Perfect Forgery
If a forgery is perceptually indistinguishable from the original and you can never tell the difference, does the distinction matter aesthetically?
Nelson Goodman posed this problem in Languages of Art (1968) to investigate what aesthetic experience actually consists of. If two objects look identical and you cannot perceive any difference, it seems like they should provide identical aesthetic value. Goodman's argument is that this conclusion is wrong, and explaining why reveals something fundamental about how art works.
Goodman, N. (1968). Languages of Art: An Approach to a Theory of Symbols. Bobbs-Merrill.
The setup
You are standing in front of a Vermeer. Next to it hangs a perfect forgery, indistinguishable by any known technique. You cannot tell which is which. For all practical purposes, you are having the same visual experience from both.

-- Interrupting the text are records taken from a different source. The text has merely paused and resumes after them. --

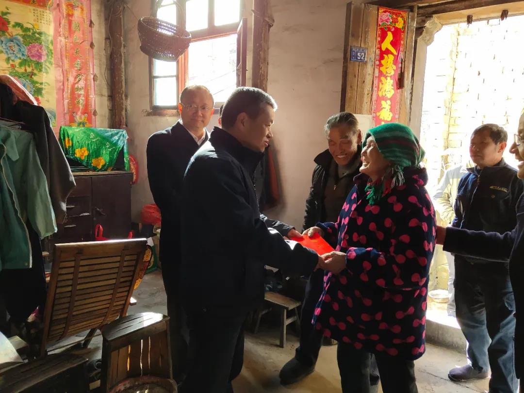 1月19日上午,上饶市人民检察院检察长黄严宏在婺源县段莘乡走访慰问困难群众、优抚对象及扶贫驻村工作队,为他们送去新春的问候和祝福,婺源县委常委、政法委书记汪学群,县人民检察院检察长龚真坚,乡村两级相关负责同志陪同走访。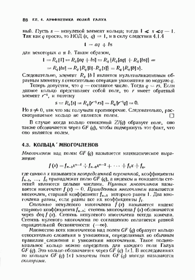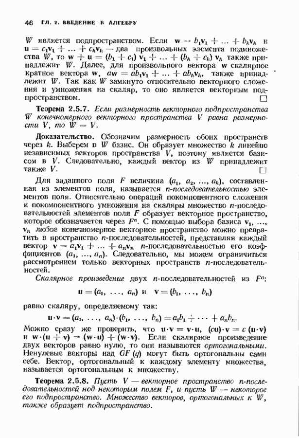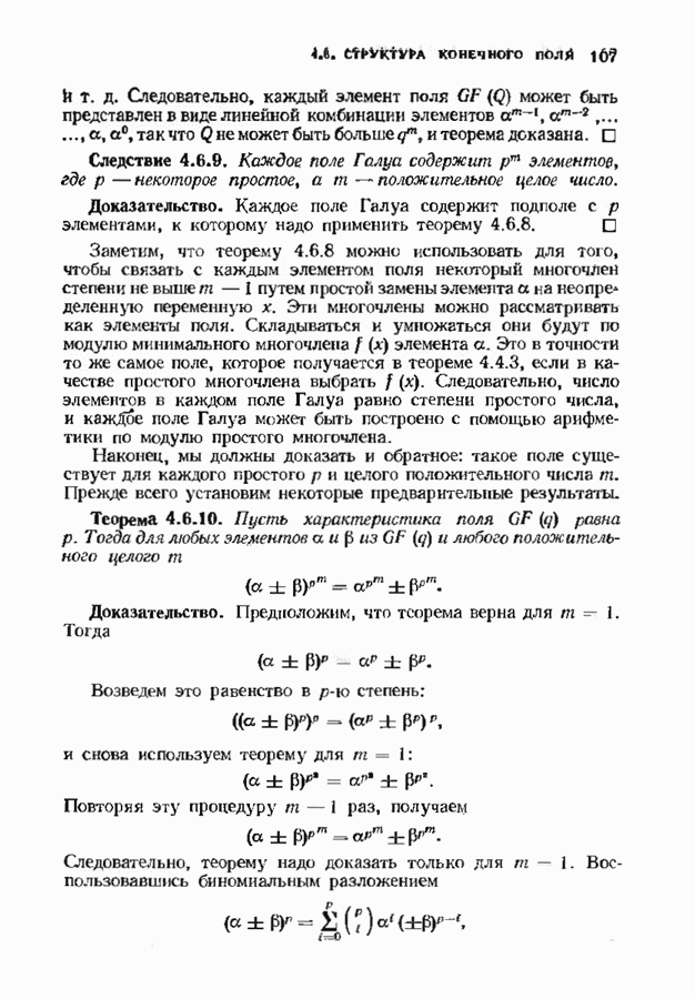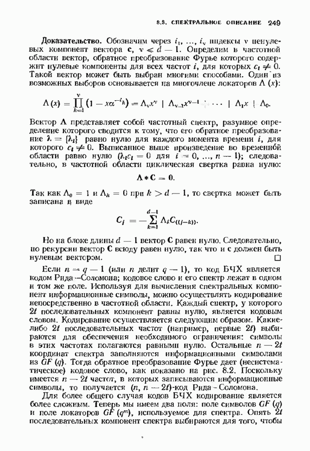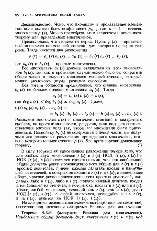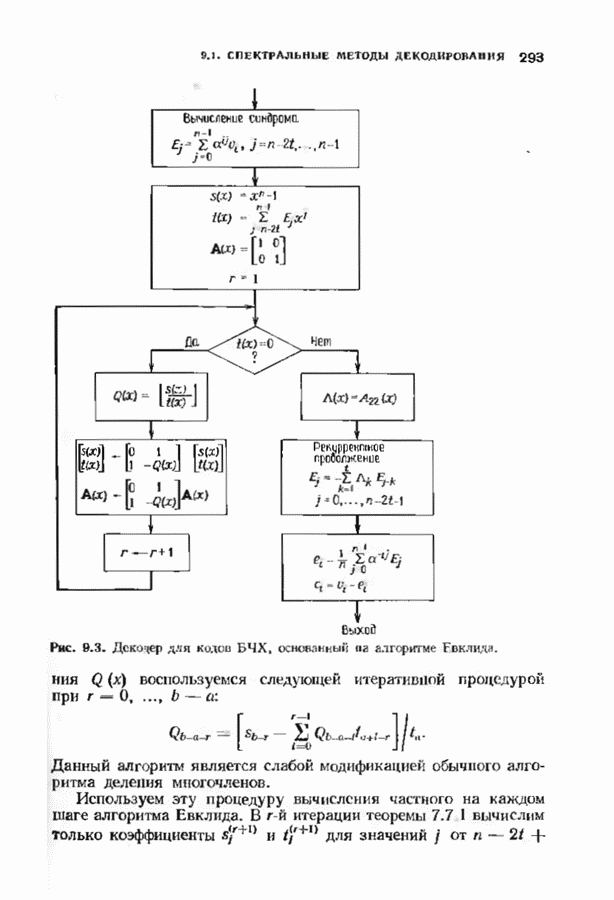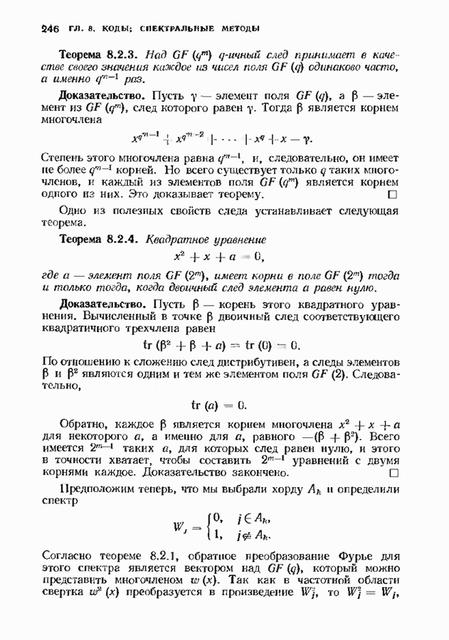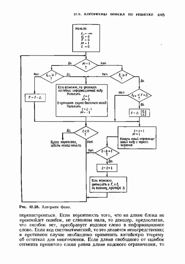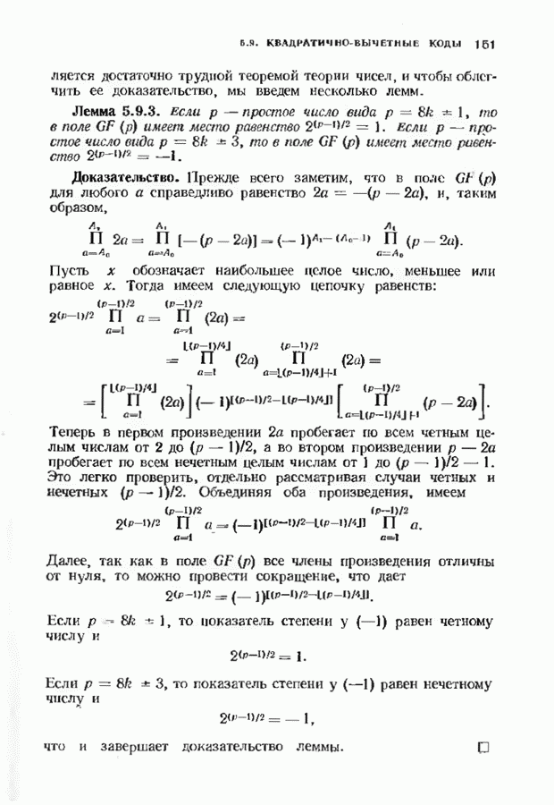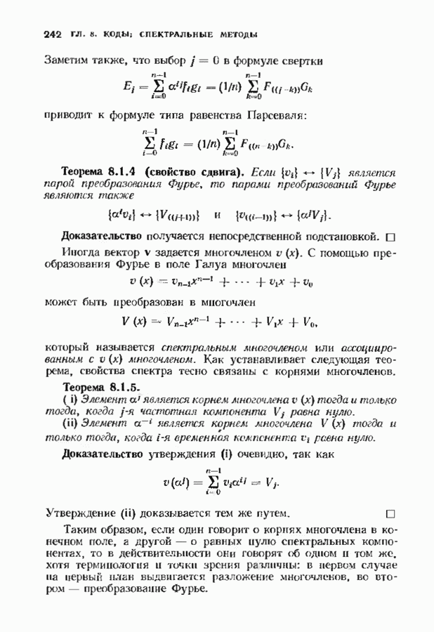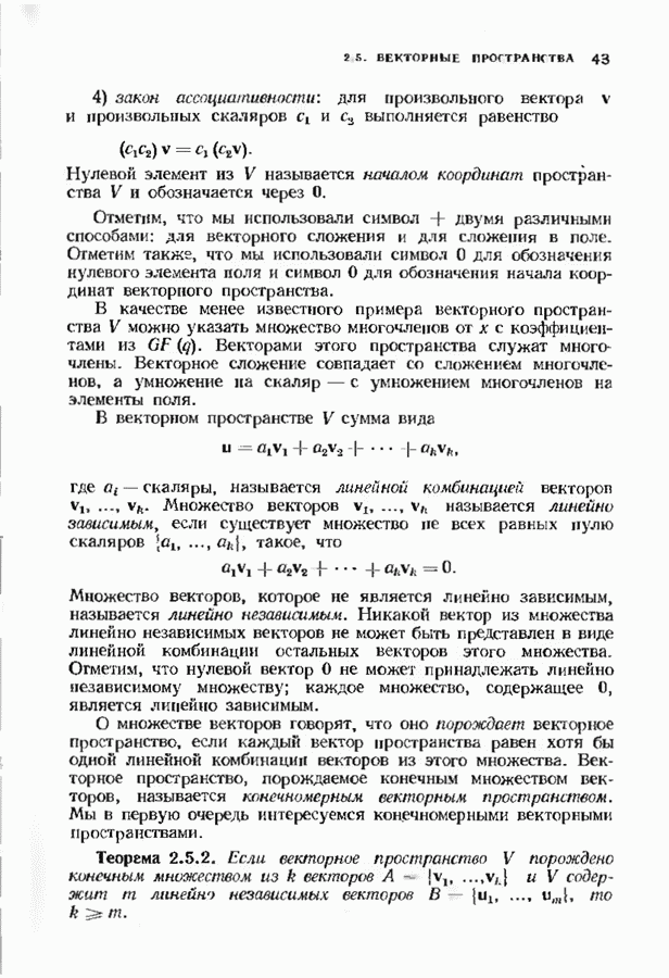 Если произошла только одна ошибка, то одна из оценок, даваемых проверочными суммами, будет неверна; мажоритарное решение дает значение Аналогично может быть продекодирован любой информационный символ, который умножается на одну из строк матрицы После того как эти информационные символы найдены, их вклад в кодовое слово вычитается из принятого слова. Это эквивалентно тому, что мы получаем слово кода Рида — Маллера Этот процесс повторяется до тех пор, пока не будут найдены все информационные биты. ЗАДАЧИ(см. скан) (см. скан) (см. скан) ЗАМЕЧАНИЯИзучение линейных кодов восходит к ранним работам Хэмминга [1950] и Голея 119491. Большинство положений, используемых в настоящее время при изучении линейных колов, заложено Слепяном [1956, 1960]: первые три параграфа тесно связаны с этими работами. Еще до этого Киксу 119537 обратил внимание на связь между линейными кодами и подпространствами векторных пространств. Коды с максимальным расстоянием впервые изучал Синглтон Двоичные коды Хэмминга как коды, исправляющие ошибки, впервые рассматривал Хэмминг, хотя подобные комбнпаторные структуры, рацее встречались в задачах статистики. Недвоичные коды Хэмминга были получены Голсем [1958] и Коком [1959]. Понятие совершенного кода впервые истречается у Голея, хотя он не пользовался таким термином. Делалось много попыток найти новые совершенные коды, но лишь отдельные из них увенчались успехом. В ряде работ Тиотявяйнен и Ван Лиит (работы завершились в 1974 и 1975 гг. соответственно) доказали, что не существует линейных (нетривиальных) совершенных кодов, отличных от кодов Хэмминга или Голея, и не существует нелинейных (нетривиальных) кодов, за исключением кодоп Васильева [1962] и Шёнхейма [1968]. Коды Рида-Маллера были получены Маллером [1954], и в этом же году Рид разработал алгоритм их декодирования. Этот алгоритм необычем тем, что принимает решение, основанное «а мажоритарной логике. Коды Рида-Маллера являются предшественниками обширных семейств мажоритарно декодируемых кодов, с которыми мы встретимся в следующих главах.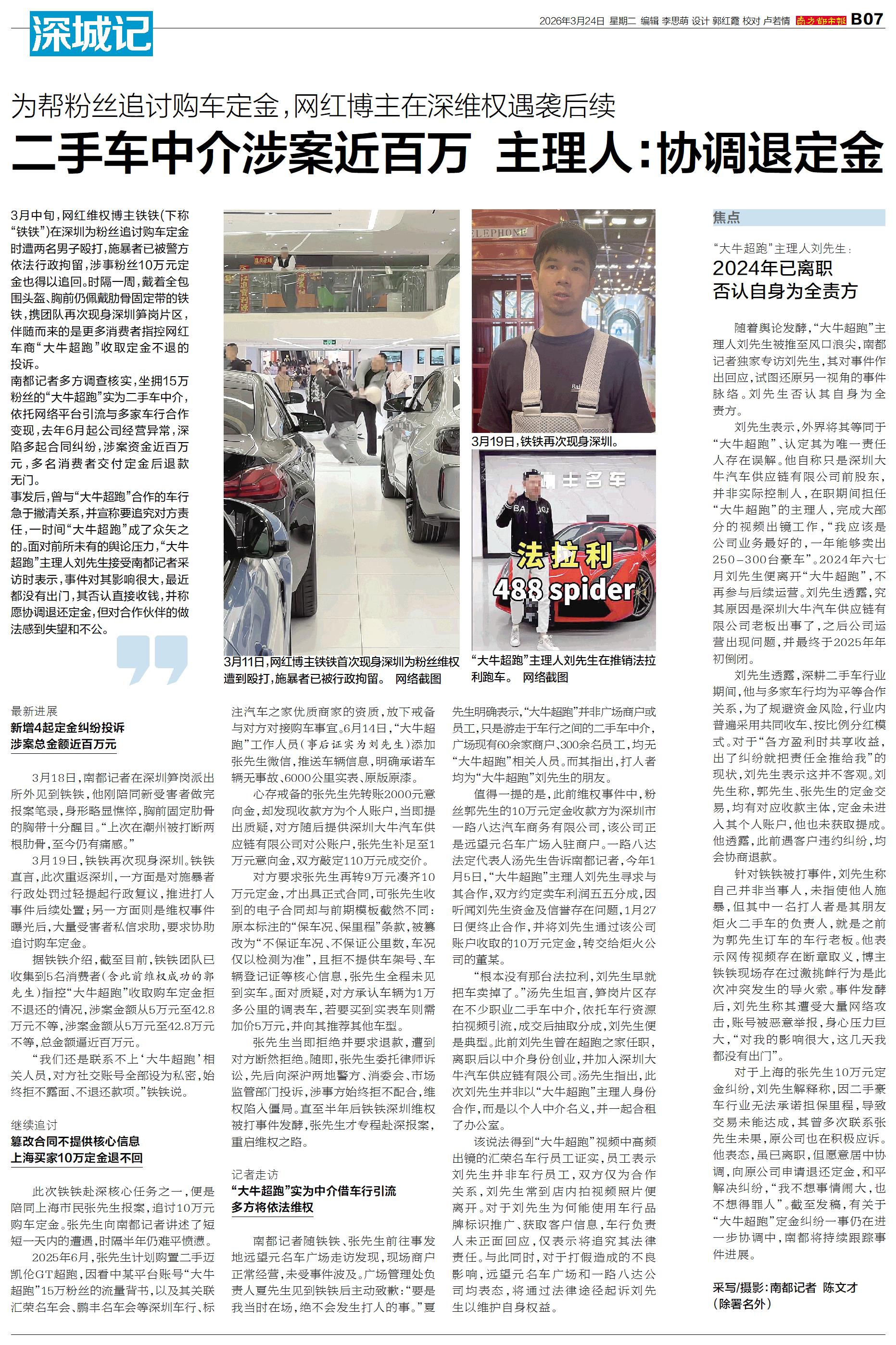 3月中旬,网红维权博主铁铁(下称“铁铁”)在深圳为粉丝追讨购车定金时遭两名男子殴打,施暴者已被警方依法行政拘留,涉事粉丝10万元定金也得以追回。时隔一周,戴着全包围头盔、胸前仍佩戴肋骨固定带的铁铁

Now someone tells you: the one on the left is the original. The one on the right is a fake.
Goodman asks: does this information change your aesthetic experience? If you genuinely cannot perceive any difference, how could it?
His answer is that it does change your experience, and it should.
Goodman's answer
The argument isn't that you're imagining differences that aren't there. It's that knowing the history of an object changes how you look at it, and looking differently is aesthetically relevant.
Once you know which is the original, you look at it with different questions. You're attending to what Vermeer actually did: the specific choices of light, texture, and composition he made in 17th-century Delft. With the forgery, you're attending to how successfully someone else replicated those choices. These are different objects of attention, even if the visual input is identical.
Goodman's concept here is aesthetic relevance: a difference between two things matters aesthetically if it is the kind of difference that makes a difference to how they should be perceived. The history of production is aesthetically relevant even when it's perceptually invisible.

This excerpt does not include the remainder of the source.